4. Il résulte de ce qui précède que M. B n'est pas fondé à demander l'annulation de la décision du 10 novembre 2023.

Sur les dépens :

5. Par ailleurs, en l'absence de dépens dans la présente instance, les conclusions présentées par le directeur régional des finances publiques de Bretagne et du département d'Ille-et-Vilaine à ce titre sont rejetées.

D É C I D E :

Article 1er : La requête de M. B est rejetée.

Article 2 : Les conclusions du directeur régional des finances publiques de Bretagne et du département d'Ille-et-Vilaine tendant à ce que les dépens soient mis à la charge de M. B sont rejetées.

Article 3 : Le présent jugement sera notifié à M. C B et au ministre de l'économie, des finances et de la souveraineté industrielle et numérique.

Copie du présent jugement en sera adressée au directeur régional des finances publiques de Bretagne et du département d'Ille-et-Vilaine.

Rendu public par mise à disposition au greffe le 17 juin 2024.

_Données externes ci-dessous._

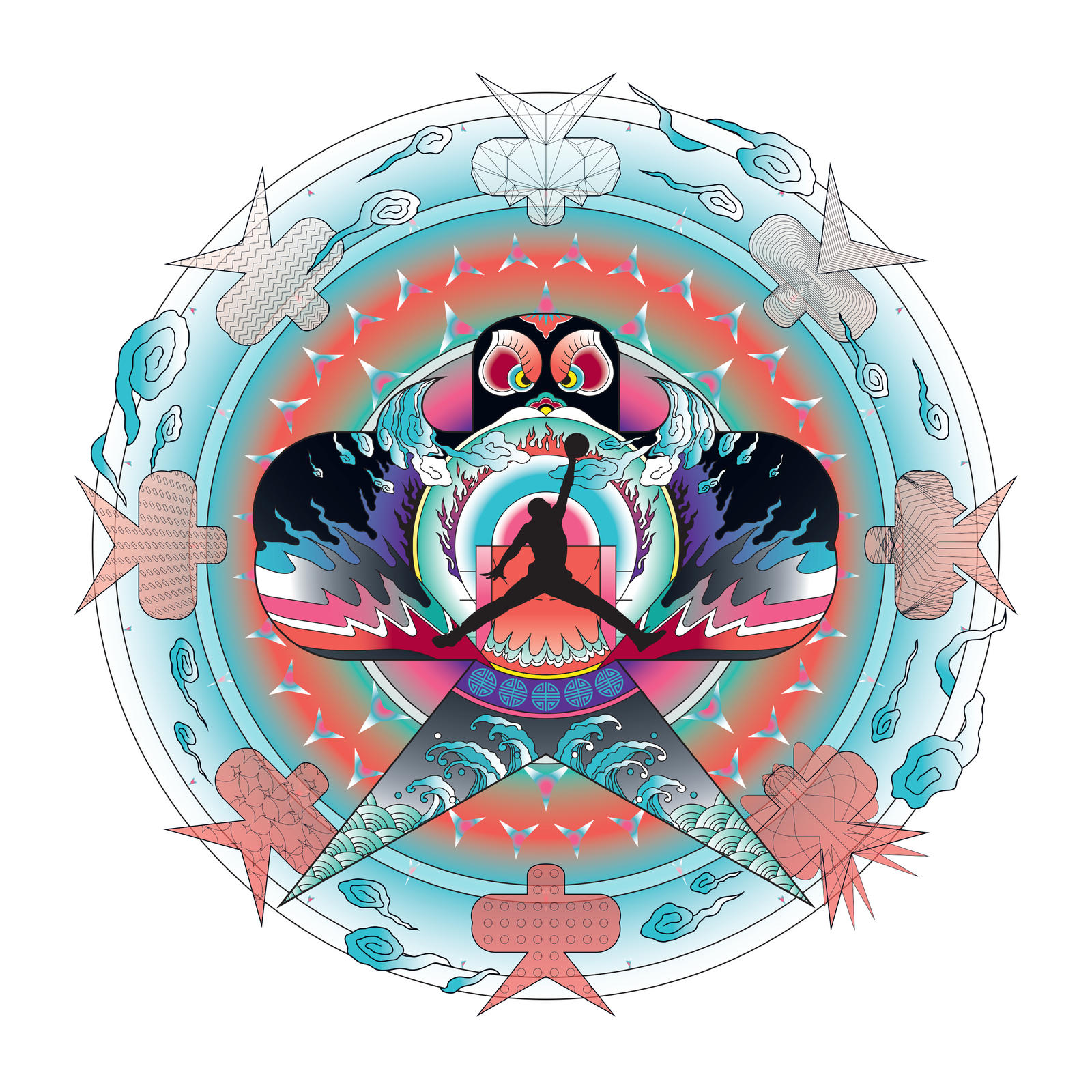 The Jordan Chinese New Year graphic integrates cues from the Air Jordan V, including the shoe’s midsole design and outsole pattern with a hidden basketball court found in the center of the graphic and includes inspirations from fighter jets and traditional Chinese kites.

Le vice-président désigné,

signé

F. A

La greffière d'audience,

signé

I. Loury

La République mande et ordonne au ministre de l'économie, des finances et de la souveraineté industrielle et numérique, en ce qui le concerne ou à tous commissaires de justice à ce requis en ce qui concerne les voies de droit commun, contre les parties privées, de pourvoir à l'exécution de la présente décision.